ASAN, Guam (NNS) — With 5,000 Sailors aboard, USS Ronald Reagan (CVN 76) arrived in Guam for a port call Sept. 24.
Ronald Reagan, the flagship of the Ronald Reagan Carrier Strike Group, made its way to Guam from its homeport of Yokosuka, Japan to participate in Valiant Shield 2018.
The U.S.-only, biennial training exercise is focused on integrating U.S. forces in a blue-water environment and enables real-world proficiency in sustaining the forces through detecting, locating, tracking, and engaging units at sea, in the air, on land and in cyberspace for a range of missions.
According to Ronald Reagan Weapons Officer Cmdr. Ivan Borja, Valiant Shield contributes to the readiness of the military as a whole, especially as the exercise is conducted in the Pacific region.
“It’s a complex environment where we have to be on top of our game for the training and support of what we do as a military,” he said. “We (have) got to be flexible at all times to execute the mission.”
Borja said the exercise isn’t only a training opportunity for him and fellow shipmates, but a chance to see familiar faces.
“Valiant shield is always good because we know when we do Valiant Shield, I know I’m coming to Guam. It’s always great to be on Guam. It’s always great to be back home,” he added.
Borja, along with 19 other Sailors aboard the carrier with roots to Guam and the Commonwealth of the Northern Mariana Islands, are taking advantage of the time they’ll get to spend with family. They, among the rest of the Ronald Reagan Sailors, will have liberty to immerse themselves in all that Guam has to offer.
For Aviation Support Equipment Technician Airman Makayla Duenas, this port call is a chance to not only indulge in her favorite local foods and activities, but to spend some long-awaited time with family.

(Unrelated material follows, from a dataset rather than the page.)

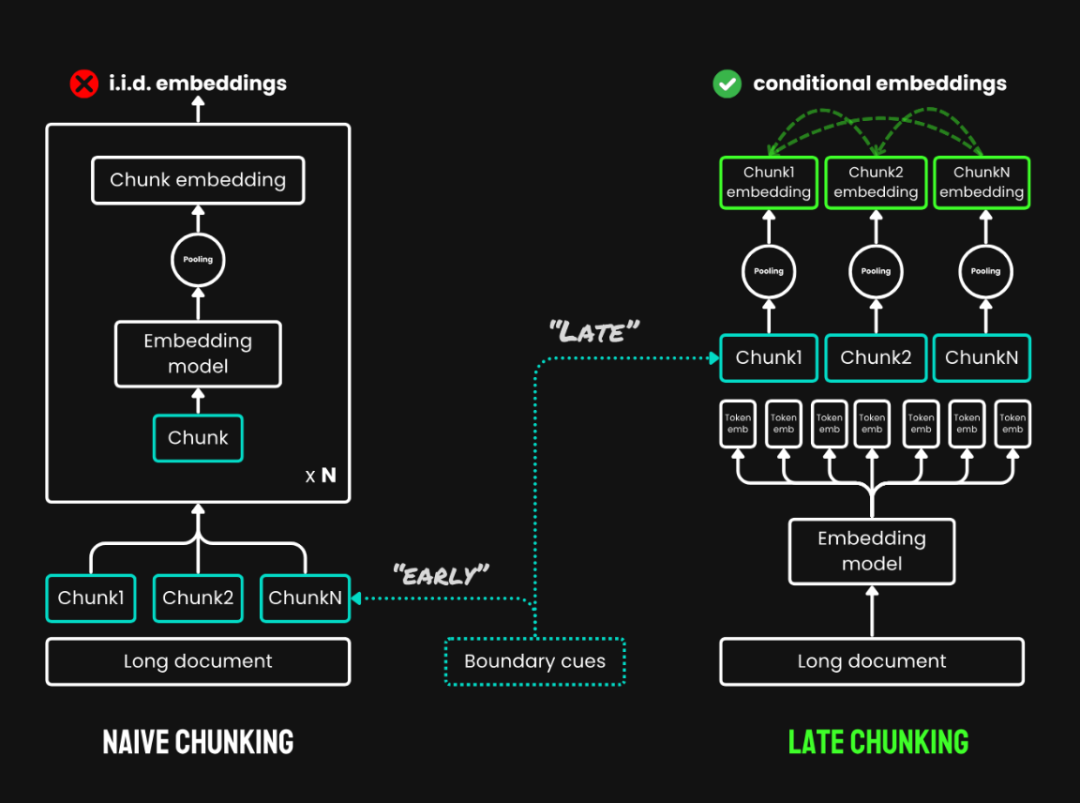 3. 迟分(Late Chunking):是一种先通读全文再分块的新方法,包含两个主要步骤:
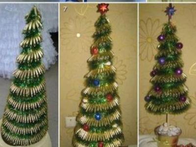 Понадобится: Макароны Краска акварель или аэрозольная (кисточка) Ватман Клей Дождик Елочные украшение С листа ватмана делаем конус, скрепляем. Далее сверху вниз по одной клеим макаронины по спирали. Красим.

“It feels good,” she said. “It’s a blessing to be able to come home on deployment. I’m going to go swimming, going to eat, go shopping, and just enjoy my time back home.”
Layla Villagomez, Duenas’s mother, expressed her excitement for her daughter to be home, as well as how proud she is of her daughter’s service to the country.
“I saw her earlier this year, but this is the first time I get to see her get off her ship, and see where she spends a lot of her time and works, so it’s very touching today,” she said. “We’re so very proud of her.”
Amid the ongoing exercise, Duenas believes the Sailors’ presence in the region is important.
“We’re forward deployed, so, if anything happens, we’re first on the scene.”
During the port call, Sailors will participate in nearly a dozen community relations projects at local schools, mayors’ offices, senior citizens centers and non-profit organizations.